Over a Third of Democrats Would Repeal Second Amendment



> More than a third of the Democratic party would do away with the Second Amendment, a survey by The Economist and YouGov revealed.





> The survey also showed that a majority of Democrats, 82 percent, are in favor of banning semi-automatic weapons, which include handguns as well as rifles. Only slightly over half of Republicans, 53 percent, are against this proposal. Democrats are evenly split on banning all handguns (including revolvers) except those carried by law enforcement.


The Demonrats are getting sloppy and letting their true colors show.


----------



## Real Old Man (Aug 17, 2015)

Just let them try and see how far they get


----------



## Smitty901 (Nov 16, 2012)

More like 90% of them. They already see the Constitution as out dated and of no use.


----------



## Camel923 (Aug 13, 2014)

Over a third of democrats are out right communist pigs. Have no illusions of what they have Planed for you once your disarmed.


----------



## Sasquatch (Dec 12, 2014)

I don't see 38 of 50 states willing to take that step. Yet.


----------



## Ragnarök (Aug 4, 2014)

I think those numbers are too high....well I hope.


----------



## Sasquatch (Dec 12, 2014)

For any Democrats that may see this and feel the way the OP's link says I'll tell ya what...

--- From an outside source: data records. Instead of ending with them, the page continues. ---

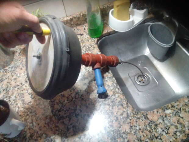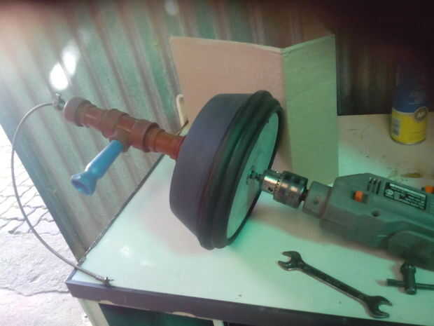 A continuación, usted puede girar el dispositivo de manija o taladro, meanswhile introducción de la serpiente en el tubo obstruido
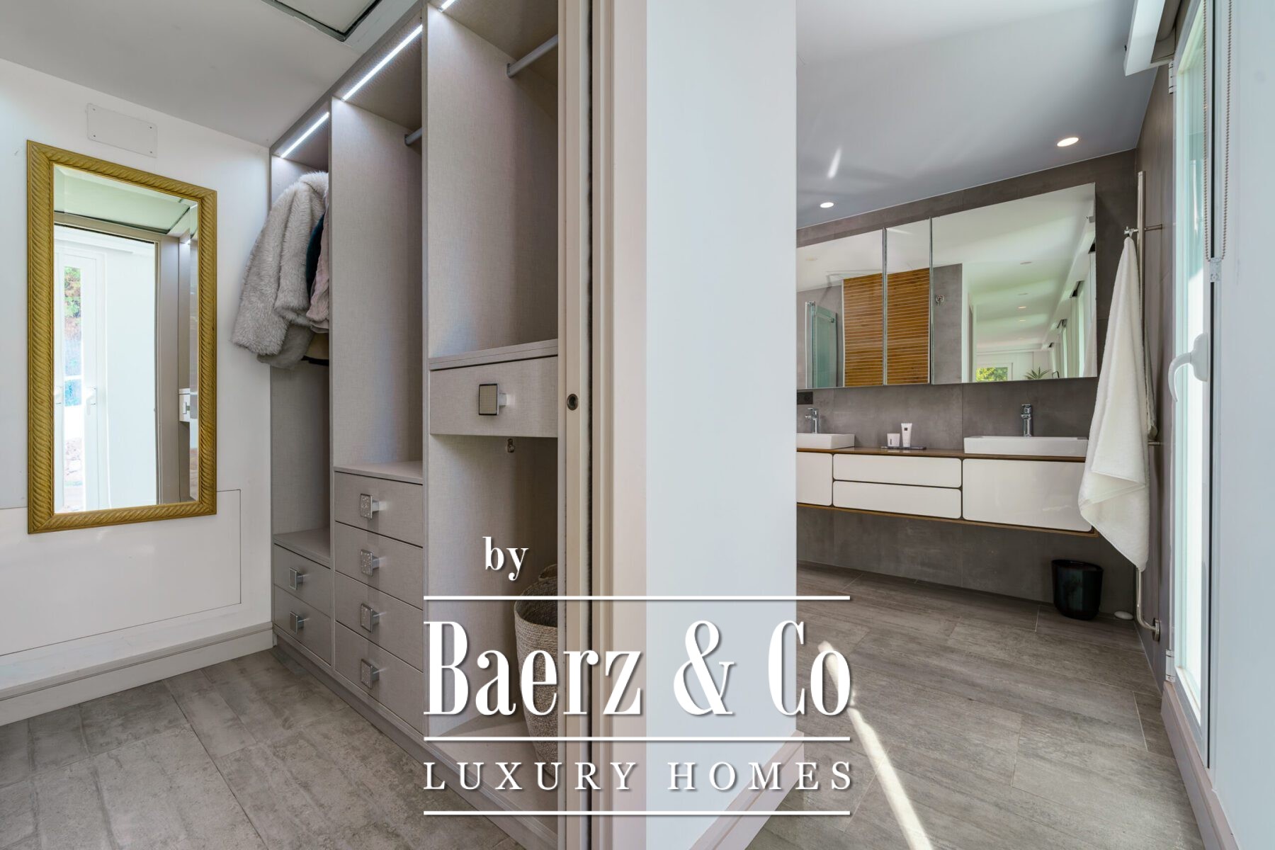 Upstairs, the master suite offers a generous walk-in wardrobe and a refined en-suite bathroom. An additional guest bedroom on this floor features its own walk-in closet and en-suite, while the living area opens to the solarium terrace, framing partial sea and mountain views. The terrace provides ample opportunity for both relaxation and entertaining.
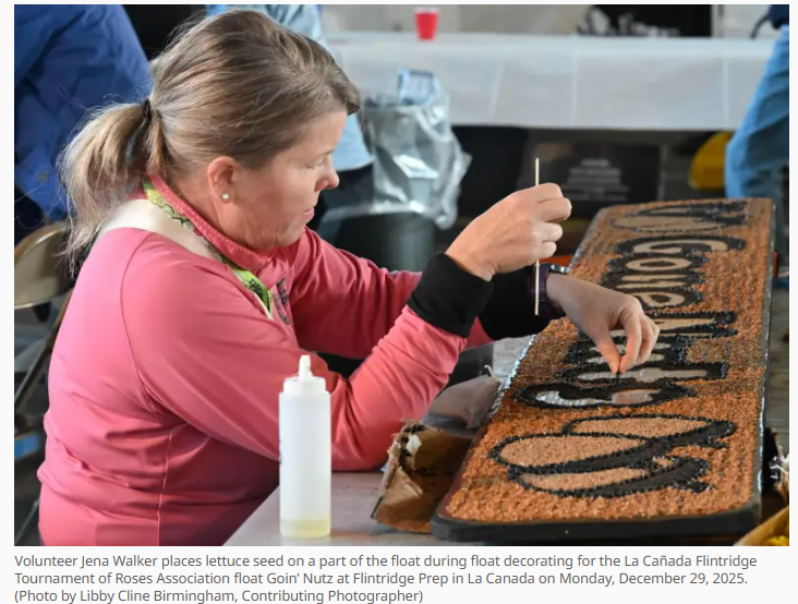 据圣盖博谷论坛报报道,来自肯塔基州路易斯维尔的Jena Walker于12月29日来到拉卡纳达弗林特里奇的玫瑰花车制作场地报到,她已经做好了充分的准备,迎接外地游客意想不到的南加州天气。
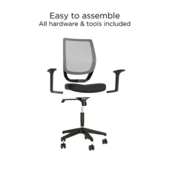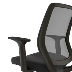 Give your office a modern style upgrade with this black task chair. The clean lines and simple silhouette evoke a contemporary design theme, and the five-star base and rolling casters deliver effortless mobility. This chair boasts a mesh back to keep you cooler as you race toward deadlines. A contoured padded seat and built-in fixed armrests offer added support for long days spent at your desk. Featuring a height adjustment lever, this Union & Scale™ Essentials fabric and mesh task chair provides convenient customization options to maximize your comfort.
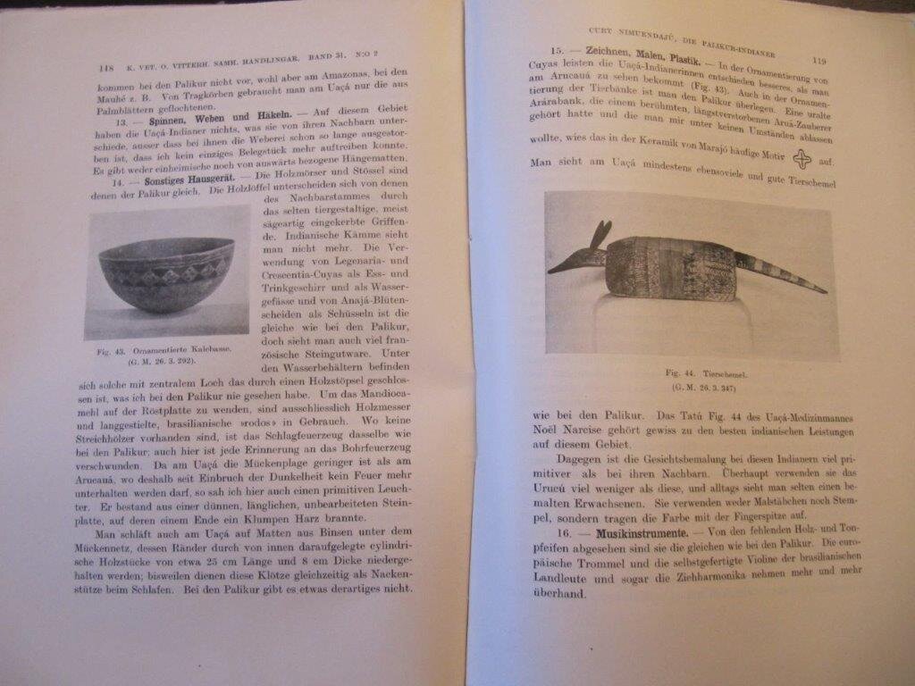 | Ehrenreich, Dr. Paul. Beiträge zur Völkerkunde Brasiliens. Berlin, Spemann, 1891. EA. Mit 15 Tafeln mit sehr zahlreichen fotogr. Abb. , eine Farbtafel (Zeichnungen) sowie weitere 48 Abb. im Text. 80 S. plus unpag. Tafelteil. Folio-Format 36x25,5cm. Veröffentlichungen aus dem königlichen Museum für Völkerkunde, II. Band,- 1./2. Heft. Original-Broschur. Broschurumschlag mit kl. Einrissen im Randbereich sowie Fehlstellen (vor allem auf der Rückseite); die Klammern sind etwas rostig, eine Lage ist lose, eine fast lose und das ganze Buch ist zwischen Text- und Tafelteil aufgebrochen. Das Gute: Alle Text- und Tafelseiten sind völlig sauber, ohne Stempel oder sonstige Eintragungen und vollständig. Erste massgebliche größere Publikation des bekannten Anthropologen und Ethnologen, basierend auf Material der zweiten deutschen Xingu-Expedition unter 'Karl von den Steinen', an der Ehrenreich teilgenommen hatte. Ausgezeichnete Foto-Tafeln, sehr selten angeboten. Bestellnummer: kai1798 Preis: 440 EUR Versandkonditionen |
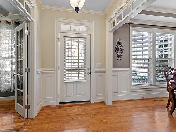 The charm, the tree-lined street, and the curb appeal are the first things you will notice about this 3 bed, 2 full and 1 half bath home in popular SUNSET OAKS. This home includes so many features and upgrades! The main level features a formal dining room with tray ceiling, shadow box accents and deep, CUSTOM TRIM MOLDINGS. The custom heavy trim continues into the STUDIO/STUDY/OFFICE with FRENCH DOORS and COFFERED CEILING. An open plan family room, kitchen and breakfast area are perfect for entertaining. The kitchen features 42'' cabinets, granite countertops, a gas range and pantry. Relax in the family room by the GAS LOG FIREPLACE or step outside into the PRIVATE COURTYARD with gated fence, garden walkway and updated landscaping. The main floor contains HARDWOOD FLOORS throughout. Upstairs features an owners suite with ensuite and two bedrooms that share a full bath. Solar panels installed in 2021 have saved the current owner hundreds of dollars in utility bills. Rear entry 2 car garage is accessed via a roundabout maintained by, and included in this property's annual HOA fee. Community pool, playground & picnic area are NOT included in HOA dues. Very close to schools, dining, and shopping. Access to the future I-540 is just miles away!

You just go ahead and crap in one hand and repeal the 2A in the other, see which happens first.


----------



## A Watchman (Sep 14, 2015)

What a coincidence, I would repeal much, much more than a third of all Democrats.


----------



## Prepared One (Nov 5, 2014)

The would repeal 2A if they thought they could get away with it. They wouldn't survive the attempt and they know it. So they play the long game. Piece by piece. They don't need to repeal it.


----------



## Camel923 (Aug 13, 2014)

For those who scoff at what the left does with an unarmed populous lets take a look:


----------



## A Watchman (Sep 14, 2015)

^^^^^^ Those that want your guns, know this. Don't be an idiot, make a stand while you can.


----------



## MisterMills357 (Apr 15, 2015)

The Democrat Party was radicalized in the 1990's, Bill Clinton ushered it in, and they have become worse over time. They have become Socialist or Commie-lite in their beliefs.
The divide in America is stark, and we are in treacherous waters. We are not guaranteed, any right to live on, and exist as a nation. And I don't know how things are going to turn out.
But, if the Democrats repeal the Second Amendment, then I am sure how things will turn out. There will be a cleansing, or a pogrom, in America


----------



## Stockton (Jun 21, 2017)

The democrats and further left progressives will not try to 
amend the constitution. They will strive to follow an agenda
set for 30 years ago by Hand Gun Control Inc.,

1. Stop new gun sales - ban gun sales - 
a. AWB first
b. Hand Guns second
c. Everything else third

2. Once there are no new guns start removing old guns,
a. voluntary buy backs
b. tax breaks for turning in guns.
c. tax gun ownership so 2b becomes more real

3. Force guns out of the hands and homes
a. Require guns to be stored at ranges and police stations
b. Then confiscate since they don't have to go door to door


----------